Kathleen Louden

May 26, 2015

NATIONAL HARBOR, Maryland — Elderly patients do not seem to benefit from aggressive systolic blood pressure control to below 120 mm Hg, according to a new study. In fact, it is associated with an increase in cardiovascular events and risk for falls.

"We should help our patients have moderate but not overly aggressive blood pressure control," said principal investigator Lillian Min, MD, from the University of Michigan in Ann Arbor.

"As our patients get older, they may not need to be on so many blood pressure medications, especially if their blood pressure declines," she told Medscape Medical News here at the American Geriatrics Society 2015 Annual Scientific Meeting.

Dr Min's team wanted to determine whether the risk for falls associated with overly aggressive hypertension treatment would be outweighed by the therapy's potential cardiovascular benefit as people age.

They evaluated a longitudinal sample of 5157 participants from the biennial University of Michigan Health and Retirement Study who were 65 years and older, had self-reported hypertension, and were taking medications to lower blood pressure. Mean age of the participants was 75 years, and 58% were female.

 
As our patients get older, they may not need to be on so many blood pressure medications, especially if their blood pressure declines.
 

All study participants underwent a single blood pressure measurement in either 2008 or 2010. Two years later, they completed a health survey that asked about fall injuries requiring medical treatment and the occurrence of cardiovascular events, such as stroke, myocardial infarction, and acute heart failure.

Multinomial logistic regression was used to calculate net changes in medically controlled blood pressure, after age and sex were controlled for.

The risk for injurious falls increased with age, and falls were more prevalent than cardiovascular events in the sample (14% vs 6%).

For 64% of the patients, treatment led to systolic blood pressure of 121 to 159 mm Hg, which was considered adequate.

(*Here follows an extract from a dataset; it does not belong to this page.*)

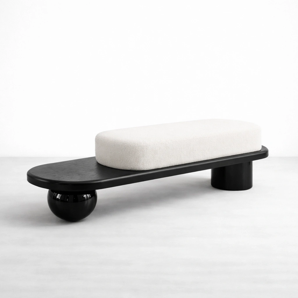 This design stands out through its distinctive base composition. One side features a rounded ball-style support, while the other side is anchored with a cylindrical pedestal leg. These bold details give the bench a gallery-inspired look without making it feel heavy. The softly curved platform edges add visual smoothness, while the thick upholstered seat offers comfort for everyday use black wood platform bench.

For 18% of patients, treatment led to systolic blood pressure below 120 mm Hg, which was considered overaggressive. In this group of patients, mean systolic pressure was 110 mm Hg.

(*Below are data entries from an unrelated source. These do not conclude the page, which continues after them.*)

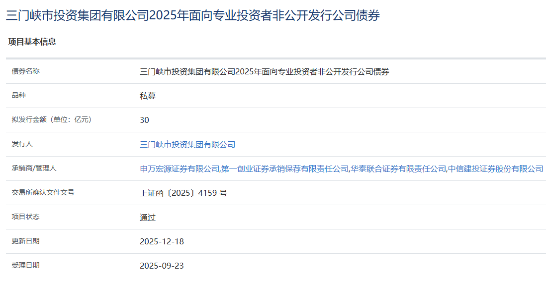 【大河财立方消息】12月18日,三门峡市投资集团有限公司2025年面向专业投资者非公开发行公司债券获上交所通过。该债券拟发行金额30亿元,承销商/管理人为申万宏源证券、第一创业证券承销保荐公司、华泰联合证券和中信建投。2025年6月26日,经中诚信国际综合评定,发行人主体信用评级为AA+,展望稳定。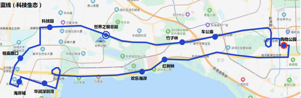 停靠站點:世界之窗總站→竹子林→車公廟→購物公園→紅樹林→歡樂海岸→華潤深圳灣→海岸城→深大-騰訊站→科技園→世界之窗總站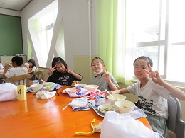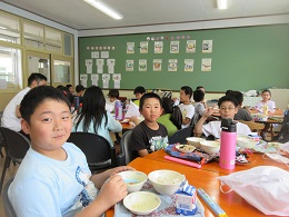 子どもたちは,ひさしぶりにランチルームで給食を食べたので,とてもうれしそうにしていました。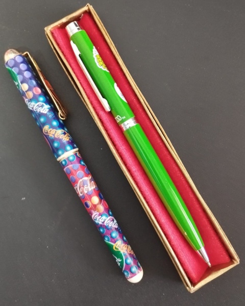• 2 canetas de Coleção !! promocional da Coca Cola !! com clip com desenho da garrafa tradicional  !! e outra da Olimpiada do Rio de Janeiro !! ambas em perfeito estado , sem tinta , muito tempo paradas !!

When cardiovascular events and fall injuries were counted together for patients older than 73 years, the harm associated with overaggressive treatment became evident. The difference in events between adequate and overaggressive treatment was significant (< .05).

Study limitations included the lack of multiple blood pressure measurements over time and the lack of data on dose and class of antihypertensive agents, Dr Min acknowledged.

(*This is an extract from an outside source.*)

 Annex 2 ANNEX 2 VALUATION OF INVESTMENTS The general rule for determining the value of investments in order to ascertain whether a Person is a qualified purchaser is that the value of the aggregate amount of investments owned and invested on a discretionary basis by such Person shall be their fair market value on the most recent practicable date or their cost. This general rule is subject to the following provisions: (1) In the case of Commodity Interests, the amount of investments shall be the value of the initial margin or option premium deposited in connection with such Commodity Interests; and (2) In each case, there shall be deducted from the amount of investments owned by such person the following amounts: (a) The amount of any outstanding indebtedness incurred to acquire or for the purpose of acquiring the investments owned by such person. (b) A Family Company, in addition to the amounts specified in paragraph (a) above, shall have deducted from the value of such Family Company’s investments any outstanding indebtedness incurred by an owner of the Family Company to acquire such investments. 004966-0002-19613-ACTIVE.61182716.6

Guidelines Unclear on How Low to Go

The guidelines for hypertension management from the Eighth Joint National Committee recommend treating systolic blood pressure to below 150 mm Hg for patients 60 years and older without diabetes or chronic kidney disease (JAMA. 2014;311:507-520). But the guidelines are silent on what to do about blood pressure below 120 mm Hg that results from multiple blood pressure medications, Dr Min pointed out.

"The potential practice change should be to moderate the blood pressure medications we prescribe as patients age to keep the blood pressure at or near what the guidelines recommend," she said.

In contrast to the joint national guidelines, the American Heart Association recommends that hypertension treatment aim for a blood pressure of 140/90 mm Hg until age 80, after which the goal should be 150/90 mm Hg.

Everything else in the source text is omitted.